Alternative to JupyterHub
If your primary goal is to have a centralized solution for working with Jupyter Notebooks, CoCalc may be a great alternative to hosting your own instance of JupyterHub!
Let’s take a closer look at how these services compare to each other and what will you gain (and lose) by going with CoCalc.
Key Features of JupyterHub
These are copied from https://jupyter.org/hub
Customizable - JupyterHub can be used to serve a variety of environments. It supports dozens of kernels with the Jupyter server, and can be used to serve a variety of user interfaces including the Jupyter Notebook, JupyterLab, RStudio, nteract, and more.
Flexible - JupyterHub can be configured with authentication in order to provide access to a subset of users. Authentication is pluggable, supporting a number of authentication protocols (such as OAuth and GitHub).
Scalable - JupyterHub is container-friendly, and can be deployed with modern-day container technology. It also runs on Kubernetes, and can run with up to tens of thousands of users.
Portable - JupyterHub is entirely open-source and designed to be run on a variety of infrastructure. This includes commercial cloud providers, virtual machines, or even your own laptop hardware.
Portability
Note that JupyterHub is “just a software project”, i.e. in order to make use of it and benefit from the above features, you do need to own appropriate hardware or setup a suitable environment with some cloud provider. You also need to have sufficient technical expertise and time to do this or hire someone else to do it for you. Exact time and money requirements depend a lot on the situation, but tend to be quite noticeable. There are companies that are happy to sell you their JupyterHub support services.
CoCalc also can be deployed in a variety of ways as a standalone instance just for you or your organization. The main difference with JupyterHub is that CoCalc is NOT a fully open-source project, we use Microsoft Reference Source License. You can look at the source code, but you cannot run an instance yourself without getting permission from us. Third party companies also cannot provide support without having a suitable arrangement with us. We are happy to discuss your needs if an OnPrem installation suits your case. We already have a number of customers using this setup!

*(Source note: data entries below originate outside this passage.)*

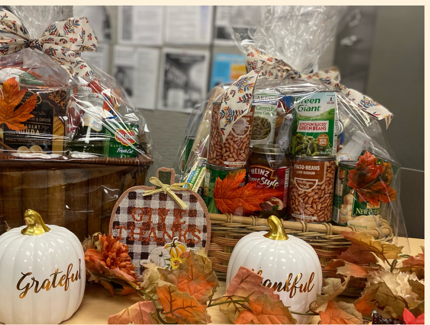
South-Central Area Office

Goodies from the San Fernando Valley regional area office AB 109 food drive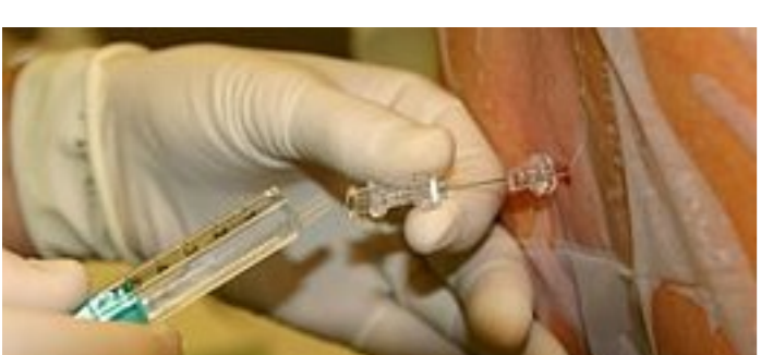
Spinal anaesthesia.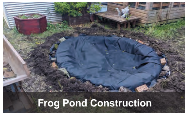
Frog Pond Construction

Science students have turned the college's own campuses into living laboratories. Habitat mapping and biodiversity surveys have documented the wildlife on our grounds, a Frog Pond has been constructed, and wildflower bulbs have been planted across sites. A collaboration with RSPB has deepened learners' conservation knowledge, and a Women in STEM workshop has brought new voices into scientific conversation.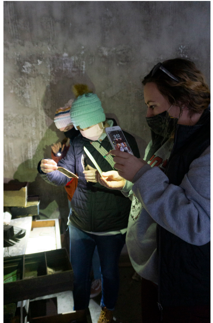
HP students explore the Westview Cemetery Gatehouse. Landmark Preservation, a historic preservation consultant firm, is conducting a historic resource assessment of the structure.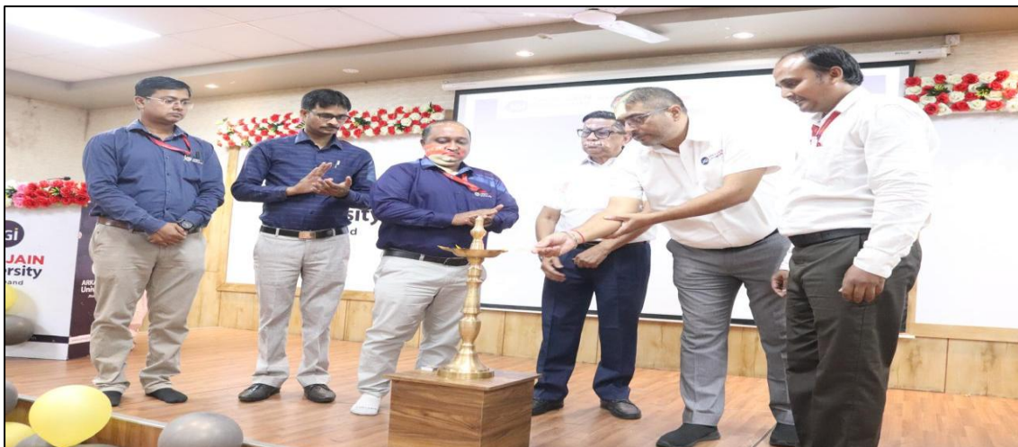
Figure 4: Dignitaries lighting the lamp to inaugurate the farewell event.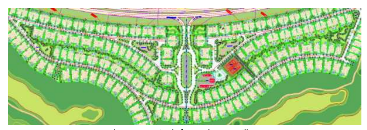
Plot 7.5 comprised of more than 200 villas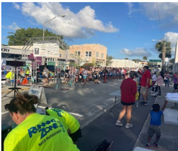
NVHS Race Start in Eau Gallie.

The NVHS 7th Annual Homestretch 5K was an incredible success, with 395 participants—including 86 veterans, 16 teams, and 16 sponsors! The energy, compassion, and unity made it a powerful day, showing how much we can achieve together.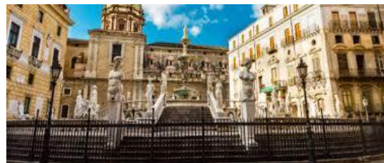
Fig 24: Churches and statues in Palermo.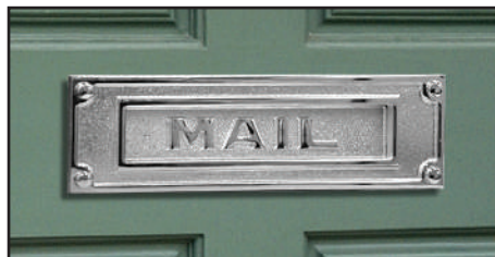
Front view of #4075 in chrome finish displayed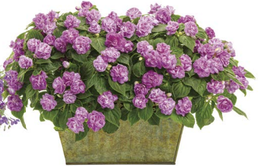
ROCKAPULCO® Wisteria Impatiens walleriana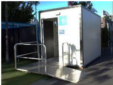
New Modular Accessible toilet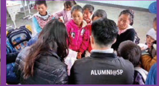
▲ Volunteers reading stories to the children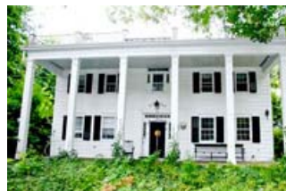
Fell-Thompson-Ackerman House in Allendale, NJ

Nominations are now being accepted for the 2011 list of the 10 Most Endangered Historic Places in New Jersey. 2011 will mark the 17th year that Preservation New Jersey been publicizing the plights of New Jersey's threatened historic resources and the difficult conditions- diminished funds, a lack of effective legislation, neglect, indifference, and more- that keep our state's historic treasures under constant threat. The fates of countless landmarks have been affected when local advocates have used the 10 Most Endangered list to spread the word about a property's plight.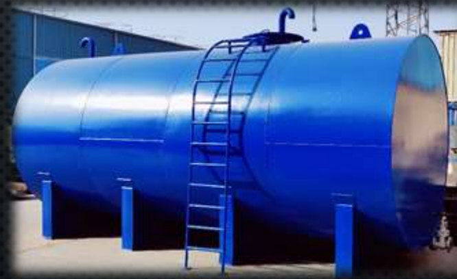
WAREHOUSE STEEL STRUCTURE FABRICATION AND INSTALLATION- TAMEER COMPANY STORAGE FACILITY (6TH OCTOBER CITY)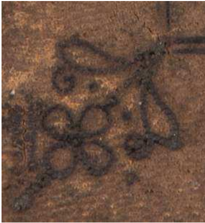
16 G 1127, particolare.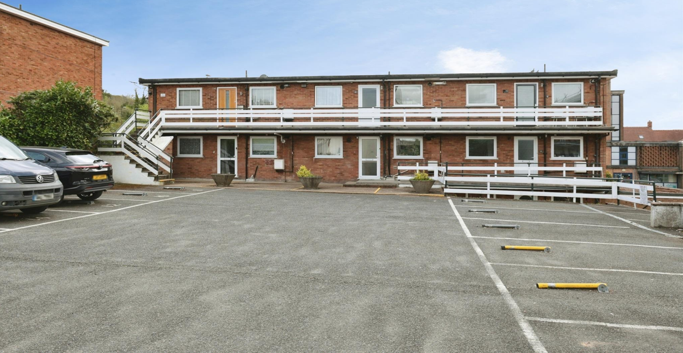
Gladstone Court White Hill, Chesham HP5 3AA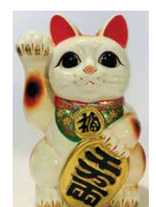
#1F-06 22-1, 10go White, Right Paw Coin Bank

Koban says "Sen-man yen" to mean lots of money Gold amulet says "Fuku" or Prosperity. 12"H $295.00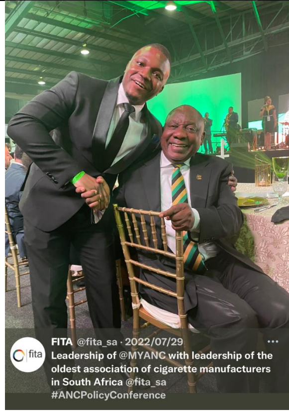
State President and the FITA chairperson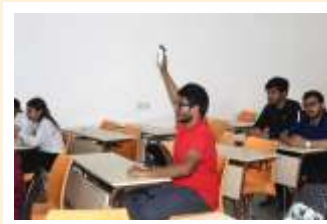
The Tech Legal Cell organised the "Know Your Tech" quiz competition using Mentimeter and Microsoft PowerPoint Presentation

The Tech Legal Cell strives to cultivate a learning environment that encourages and inspires students to engage with the evolving landscape of Intellectual Property and Technology Law. In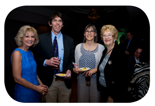
Donors enjoying "Brews & Bites" at the President's Club Thank You Reception.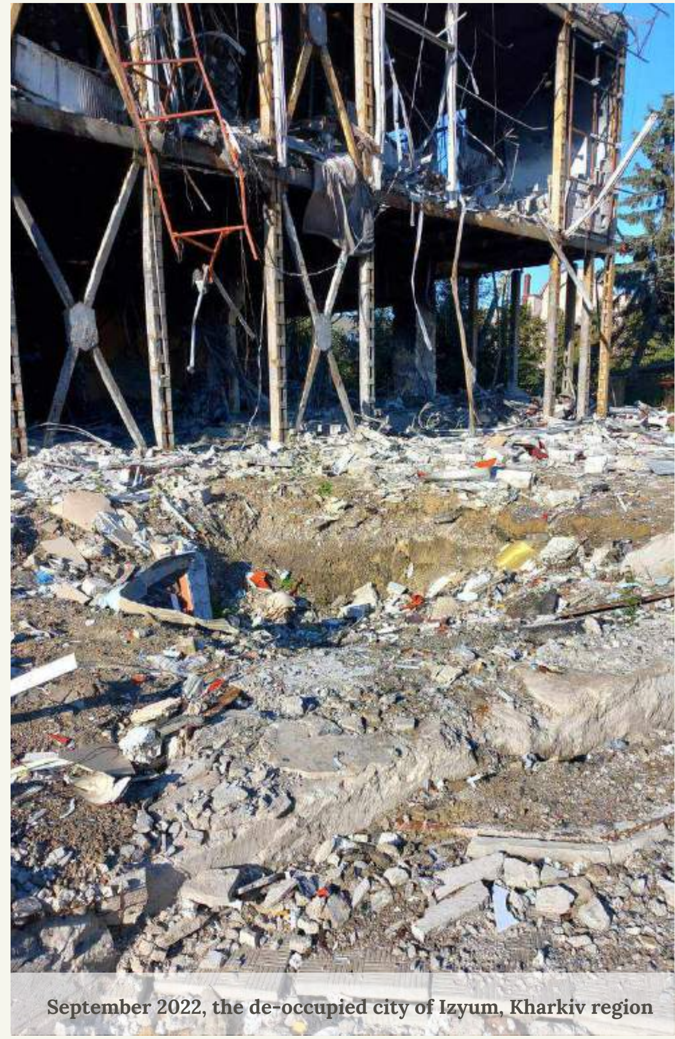
September 2022, the de-occupied city of Izyum, Kharkiv region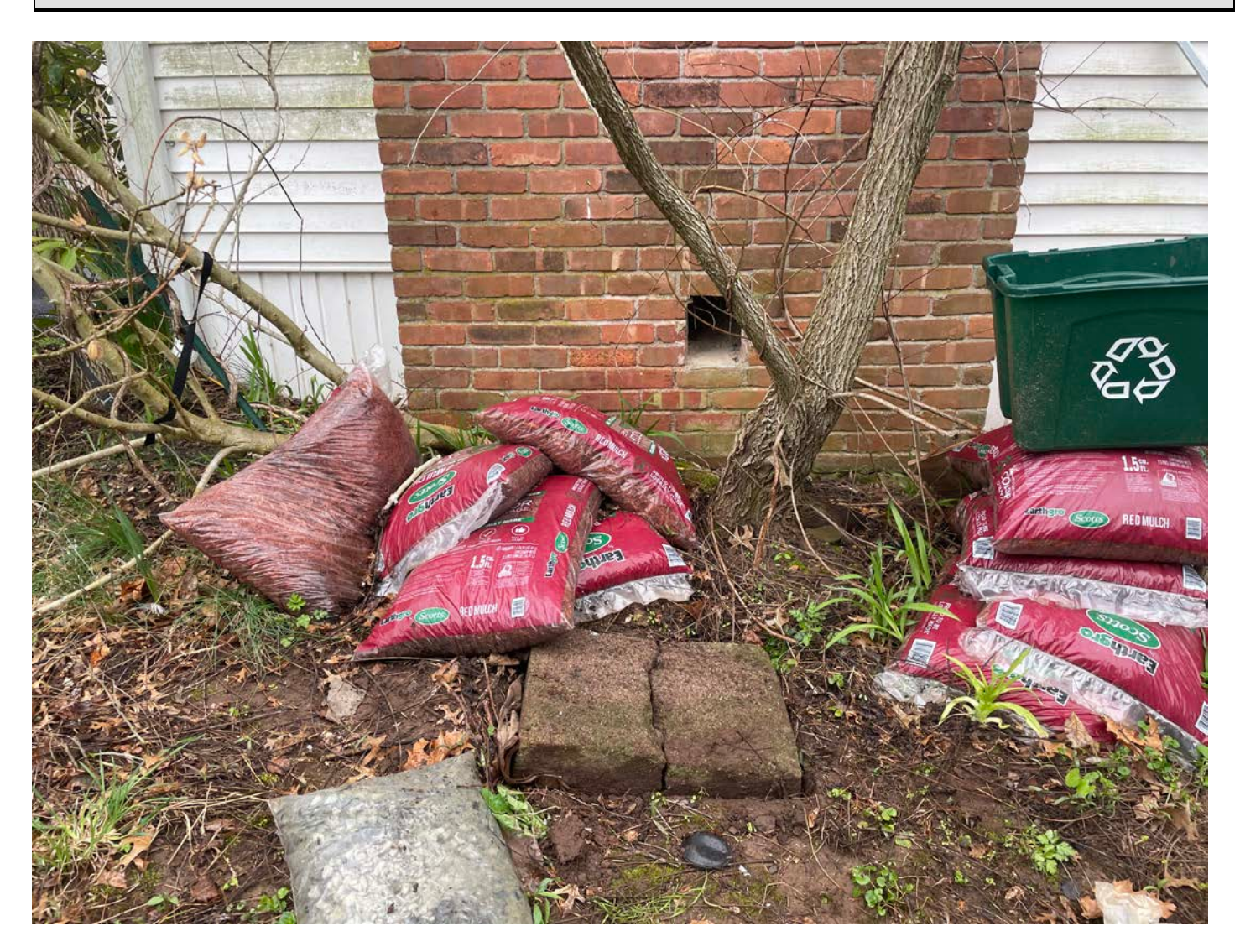
Picture 2: Well cover at the 162 Maple Avenue, Durham, residence. Grela removed the pump from this well. View to the south.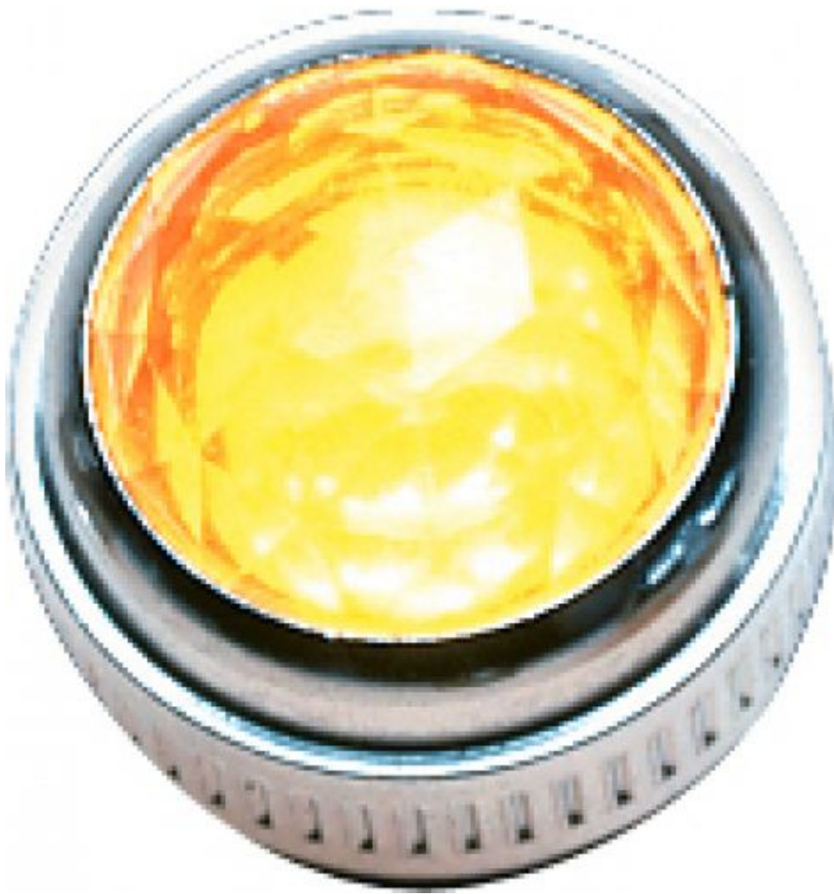
Fender Amp Jewel, Amber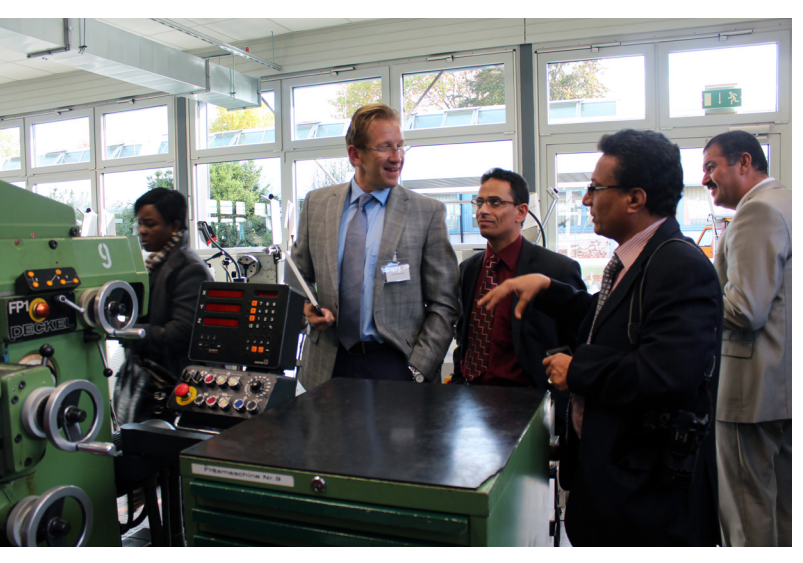
Study visit in Currenta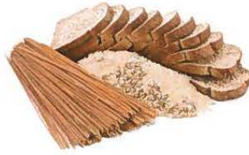
Grains Pasta, beans, rice, bread, cereal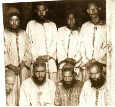
شکل رقم (۳)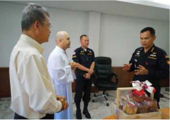
Greeting Representative Director of Central Correctional Institution for Young Offenders, gave 120 sets of presents, 140 sets of food to inmates, organized activities to send happiness on Christmas and New Year's Eve occasion.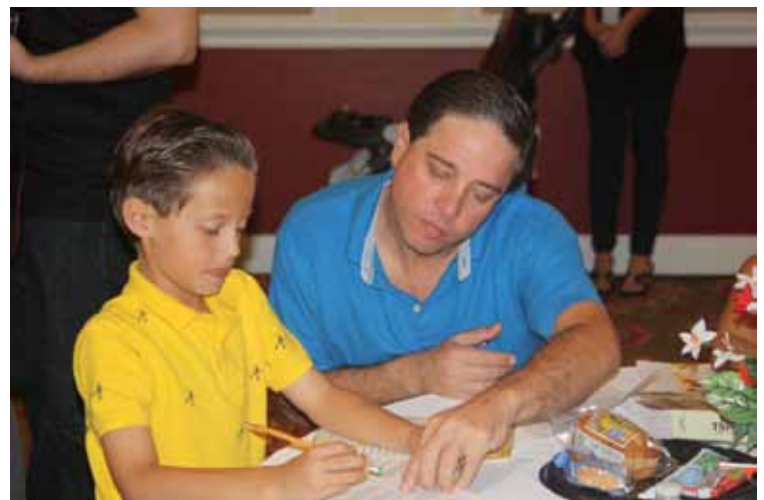
Father and son studying together.

Faith Formation Office 625 111 th Ave. North Naples, FL 34108-1825 Phone: 239-514-2927 ext. 124 Fax: 239-566-9117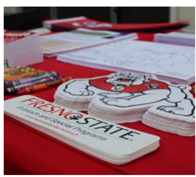
OSP information booth.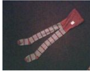
D063 S120N PANTIHOSE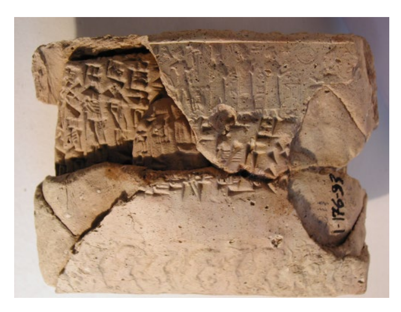
Figure 4.3 An Old Assyrian letter comprising a main tablet and a small second one preserved together in their sealed envelope. Kt 93/k 211, Ankara, Anadolu Medeniyetleri Müzesi.

Non-commercial loans with interest between individuals consisted of small quantities of silver or cereals. Silver could be borrowed with interest from the house of a tamkārum . For the Assyrians, the interest fixed by the kārum office amounted to 30 percent per year; it was even higher for the Anatolians. The creditor could ask for guaranties: a guarantor, the joint responsibility of debtors, or a surety (such as members of the family, the house, or other goods). If a guarantor had to borrow silver in order to pay the loan, the creditor could impose an interest on top of the established interest of the debtor. Loan contracts were for short periods of time, generally shorter than a year.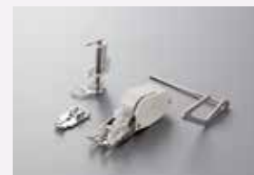
QUILT SET SAQKIT (suitable with ND50E)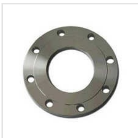
SS Slip On Flange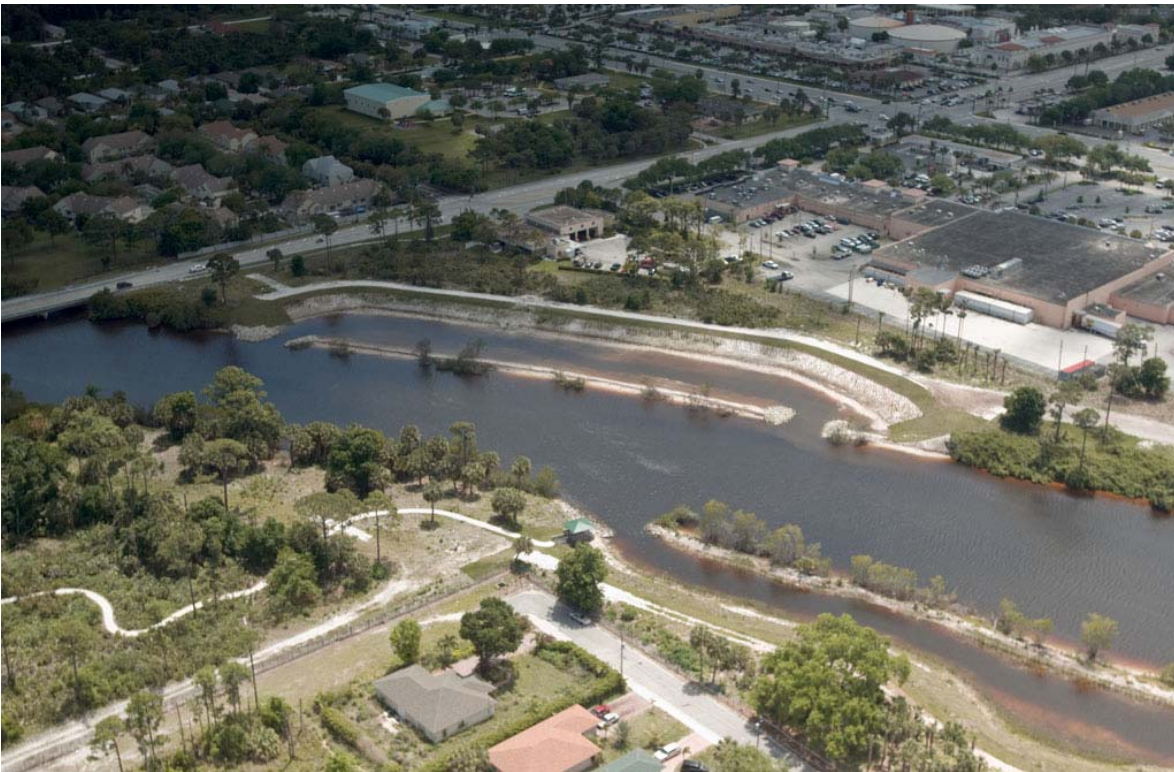
Hiking Trail with Observation Platform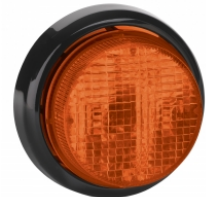
Part Number 0345521 12-24V ECE LED Turn Signal with 90mm Mounting Assembly Adapter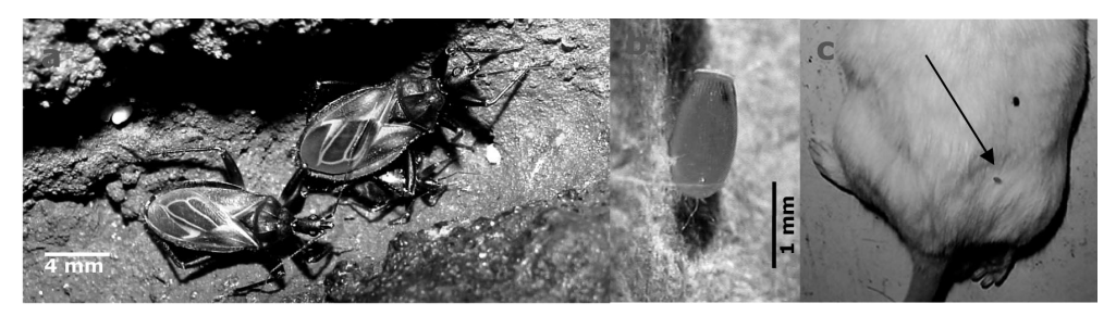
FIG. 2. (a) C. pilosa : eggs fixed on the cave wall, female, male, and nymph; (b) C. pilosa egg fixed on paper; (c) C. pilosa egg fixed on mouse.

served in the rainy season. The larger shaded area corresponds to a stream coming from the cave ceiling in a waterfall in the extreme south, running approximately 50 m until it reaches the southwest opening of the cave. The capture sites of C. pilosa correspond to areas with a high concentration of guano and bats with no noticeable light, where average temperatures ranged from 24 to 31°C and relative humidity from 62 to 80% (points 2 and 4). In places where there was guano but with high humidity (above 95%) no C. pilosa colony was found. All individuals were found above one meter high, occupying the entire wall until the ceiling, where the bat colonies were. Four species of bats were identified: Anoura geoffroyi Gray, 1838, Phyllostomus hastatus (Pallas, 1767), Carollia perspicillata (Linnaeus, 1758), all Phyllostomidae, and Pteronotus parnellii (Gray, 1843), Mormoopidae. The cave also contained about 50 arthropod species belonging to 20 orders, spread throughout the cave.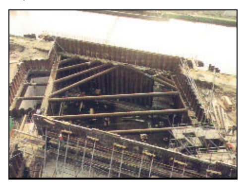
HBW specializes in construction in water-saturated soil.

"Creating an optimized design for a four wall building pit used to take a week, Using Bouput++ such an optimized design now takes less than a day!"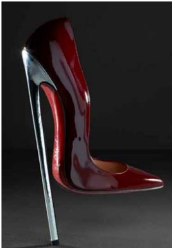
FETISH LA LYNCH, CHRISTIAN LOUBOUTIN AND DAVID LYNCH, 2007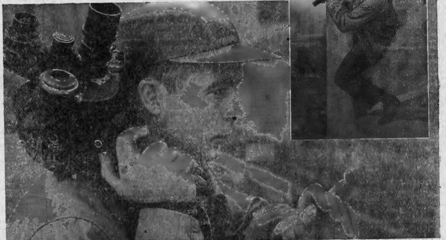
R. J. Reynolds Tobacco Co., Winston-Salem, N. C.

In many cases, however, it makes sense to directly use our hosted service - a fully configured and actively managed cluster which you can use, easily increasing or decreasing the computational power available to you, including vast CPU and GPU resources.
Flexibility
Similar to JupyterHub, CoCalc can work with multiple Jupyter kernels. Many of them are preconfigured and you can add more, both in the hosted and OnPrem installations. CoCalc allows you to easily run JupyterLab, Visual Studio Code Server, or R IDE on any of the servers in your project, so you can use the same familiar interfaces, if you choose so. However, CoCalc also gives you its own interface to work with Jupyter notebooks, and it does have a number of advantages:
Server-side notebook state - When you close your browser (or it crashes, or your laptop goes to sleep) new output is accumulated and saved, waiting for you to resume your work.
IPyWidgets support - Our support is the best and most complete one that we are aware off. Collaborators see the same state of all widgets, since it is synchronized with the server.
Full real-time collaboration - Edit the same file simultaneously with your collaborators, see their cursors, use the side chat, and video chat.
AI Assistant - Choose your favourite LLM to help you generate, fix, and improve code, translate between programming languages, and more.
TimeTravel - Our unique automatic version control and backup system complements
git
.
Of course, apart from Jupyter Notebooks, CoCalc supports many other document types, including LaTeX documents, Linux terminals, Markdown, Chatrooms, Courses, etc.
CoCalc does not have plugins that extend its functionality, instead everything is included right away. In this sense you may consider JupyterHub to be more flexible/tunable, but it conveniently brings us to the next point.
Reliability
CoCalc functionality is continuously tested as a single unit in our production environment. Occasionally, there are bugs and regressions which we try to address as soon as possible. You may not even become aware of the problem because of our continuous monitoring of the service and other users reporting problems as well.
With JupyterHub, on the other hand, our experience has shown that a user may attempt to install an innocuously looking plugin (jupyterlab-git
to be specific) to discover that not only it does not work, but the whole environment becomes unusable and requires admin intervention to be fixed.